PROBLEM> A faithful, complete copy of the entries below is required, with images removed.

Records from a data source:
* * *

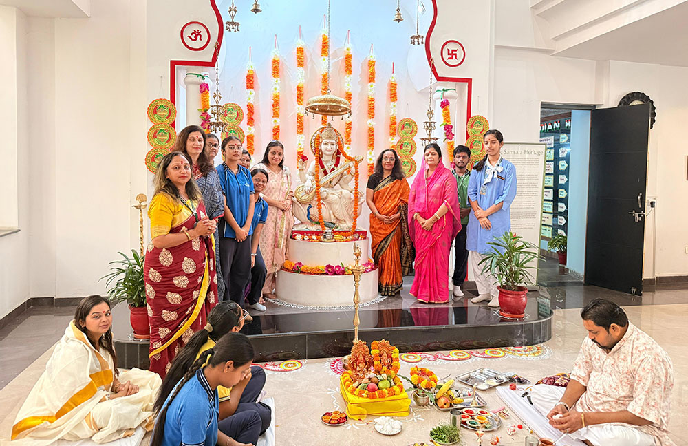 "Samsara The World Academy celebrated the auspicious occasion of Diwali with great devotion and joy on October 18, 2025. The school conducted a traditional Diwali puja to seek the blessings of the Almighty for prosperity, peace, and happiness & growth of school. The ceremony was attended by Capt. Praveen Roy, the principal, all the coordinators, admin staff, and teachers, along with the enthusiastic participation of the school students' council members. The atmosphere was filled with positivity and festive spirit & spirituality with chanting of mantras when everyone came together to invoke divine blessings and celebrate the festival of lights with warmth and togetherness."
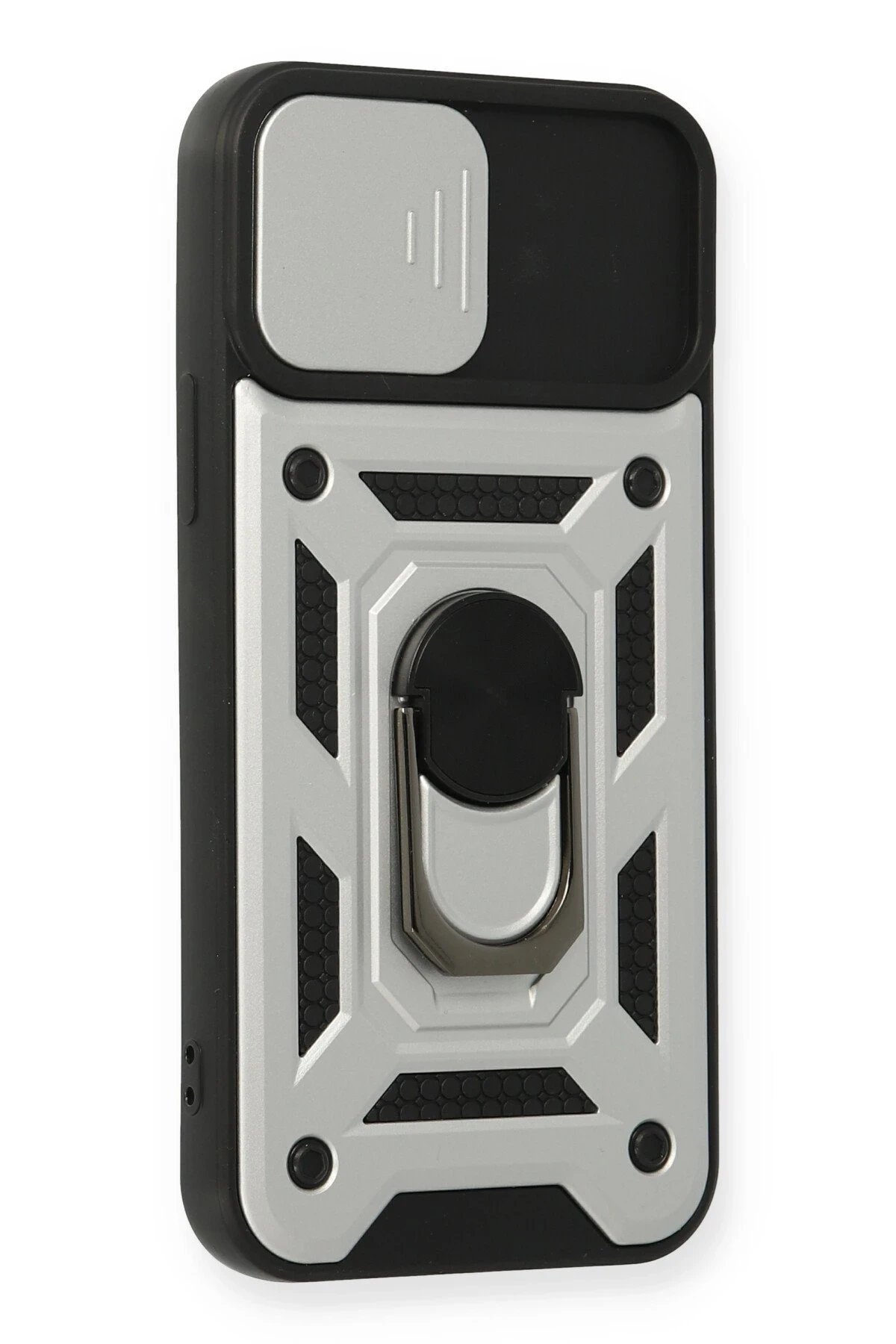 iPhone 12 Pro Kılıf Pars Lens Yüzüklü Silikon - Gümüş-(5796)
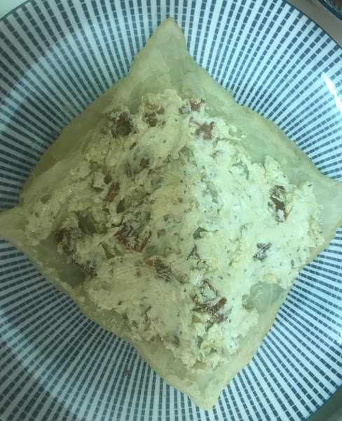 Hornea el hojaldre unos 15 min o hasta que esté dorado, deja enfriar y abre por la mitad, unta la mezcla de queso,
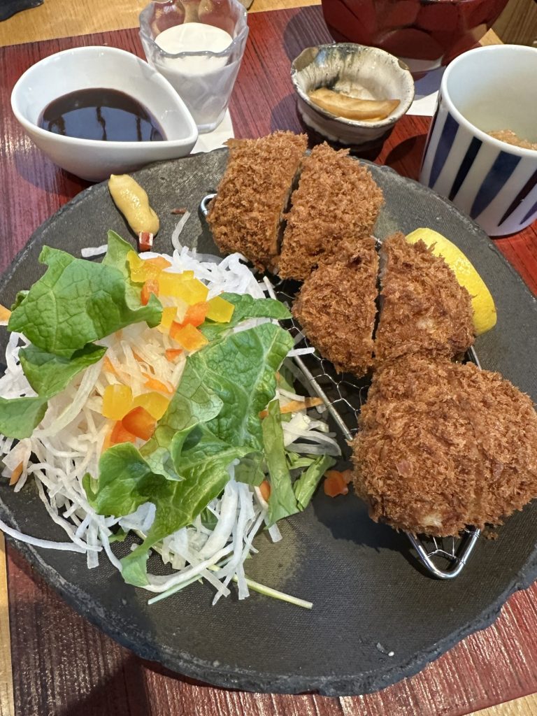 美味しいのと、ボリュームがすごい。小さな手作りの小鉢も美味しいです。
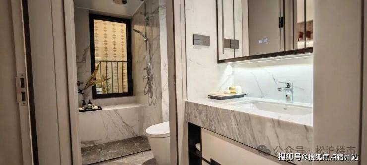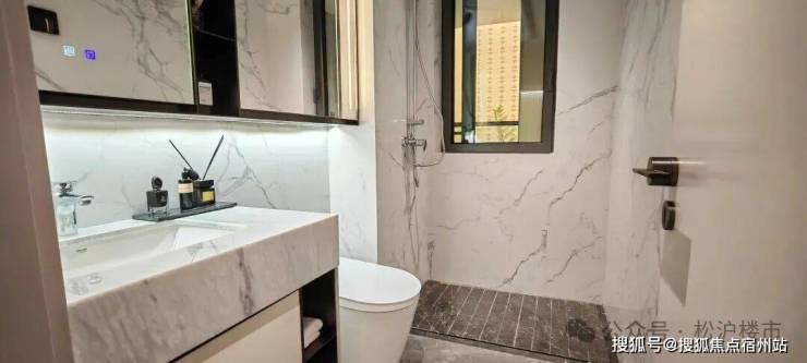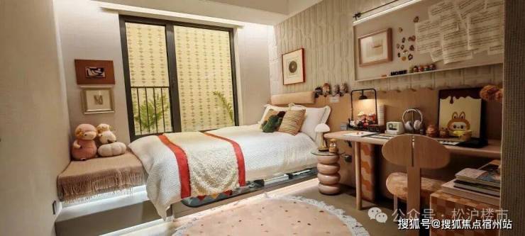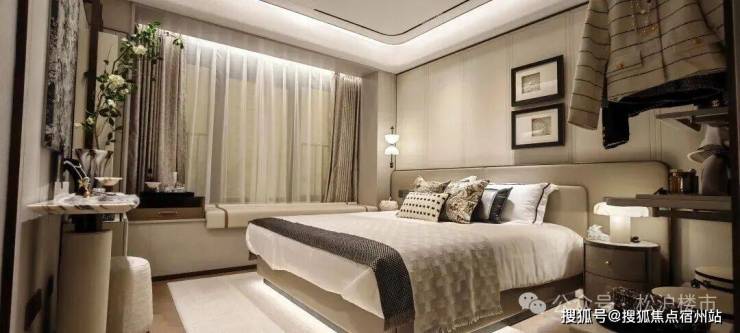 主卧套房设计同样让人惊喜:南向超大景观飘窗引景入室,放完标准双人床后,北侧还能打造整面衣柜;全明主卫功能分区清晰,定制淋浴房保障干湿分离,镜柜内置美妆冰箱,细节处尽显品质感。
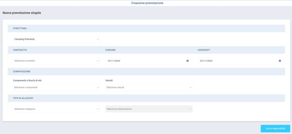 Al termine della compilazione campi, per avviare la ricerca di disponibilità basta cliccare sull’azione in azzurro CERCA DISPONIBILITÀ.
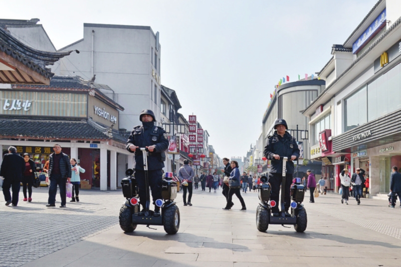 观前街上,脚踩“风火轮”执勤巡逻的民警。马耀明摄
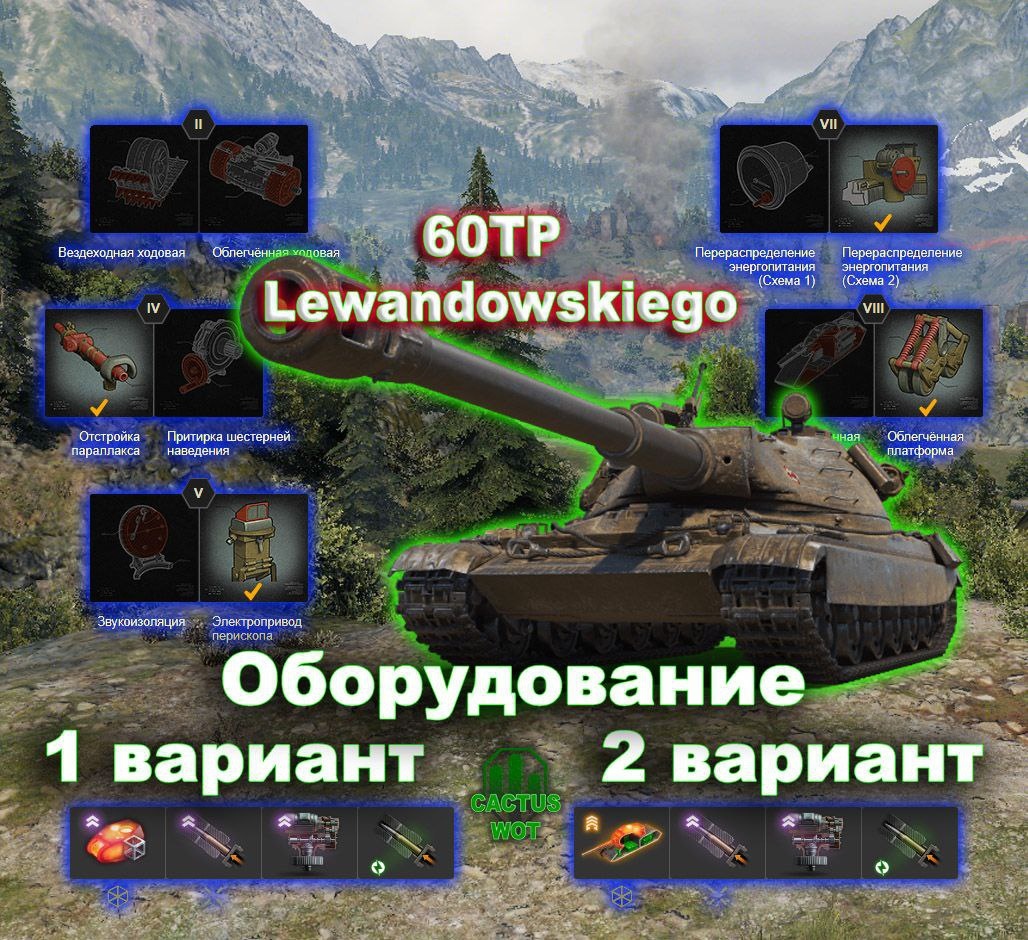 🇵🇱 60TP Lewandowskiego 🉑Тяжелый танк прорыва 10 уровень. ⛏Оборудование и полевая модернизация на картинке🔼 ➕Плюсы танка 📈хорошая броня башни; 📈орудие с большим разовым уроном; 📈большой запас прочности. ➖Минусы танка 📉слабая динамика танка; 📉плохо бронированный корпус танка; 📉большие уязвимые зоны в лобовой проекции. ⬇️⬇️⬇️⬇️⬇️⬇️⬇️⬇️ #базазнаний@CactusWOT #60TP@CactusWOT #миртанков
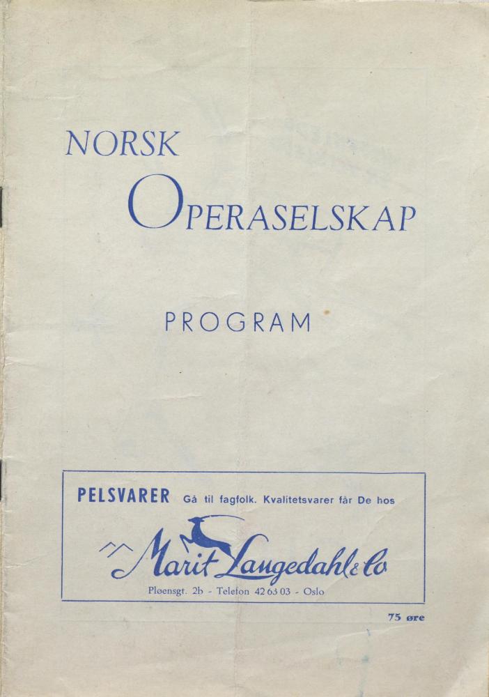 Forestillingsprogram for Madame Butterfly (1951) av Norsk Operaselskap.

* * *

OUTPUT BELOW>
 "Samsara The World Academy celebrated the auspicious occasion of Diwali with great devotion and joy on October 18, 2025. The school conducted a traditional Diwali puja to seek the blessings of the Almighty for prosperity, peace, and happiness & growth of school. The ceremony was attended by Capt. Praveen Roy, the principal, all the coordinators, admin staff, and teachers, along with the enthusiastic participation of the school students' council members. The atmosphere was filled with positivity and festive spirit & spirituality with chanting of mantras when everyone came together to invoke divine blessings and celebrate the festival of lights with warmth and togetherness."
 iPhone 12 Pro Kılıf Pars Lens Yüzüklü Silikon - Gümüş-(5796)
 Hornea el hojaldre unos 15 min o hasta que esté dorado, deja enfriar y abre por la mitad, unta la mezcla de queso,
 美味しいのと、ボリュームがすごい。小さな手作りの小鉢も美味しいです。
 主卧套房设计同样让人惊喜:南向超大景观飘窗引景入室,放完标准双人床后,北侧还能打造整面衣柜;全明主卫功能分区清晰,定制淋浴房保障干湿分离,镜柜内置美妆冰箱,细节处尽显品质感。
 Al termine della compilazione campi, per avviare la ricerca di disponibilità basta cliccare sull’azione in azzurro CERCA DISPONIBILITÀ.
 观前街上,脚踩“风火轮”执勤巡逻的民警。马耀明摄
 🇵🇱 60TP Lewandowskiego 🉑Тяжелый танк прорыва 10 уровень. ⛏Оборудование и полевая модернизация на картинке🔼 ➕Плюсы танка 📈хорошая броня башни; 📈орудие с большим разовым уроном; 📈большой запас прочности. ➖Минусы танка 📉слабая динамика танка; 📉плохо бронированный корпус танка; 📉большие уязвимые зоны в лобовой проекции. ⬇️⬇️⬇️⬇️⬇️⬇️⬇️⬇️ #базазнаний@CactusWOT #60TP@CactusWOT #миртанков
 Forestillingsprogram for Madame Butterfly (1951) av Norsk Operaselskap.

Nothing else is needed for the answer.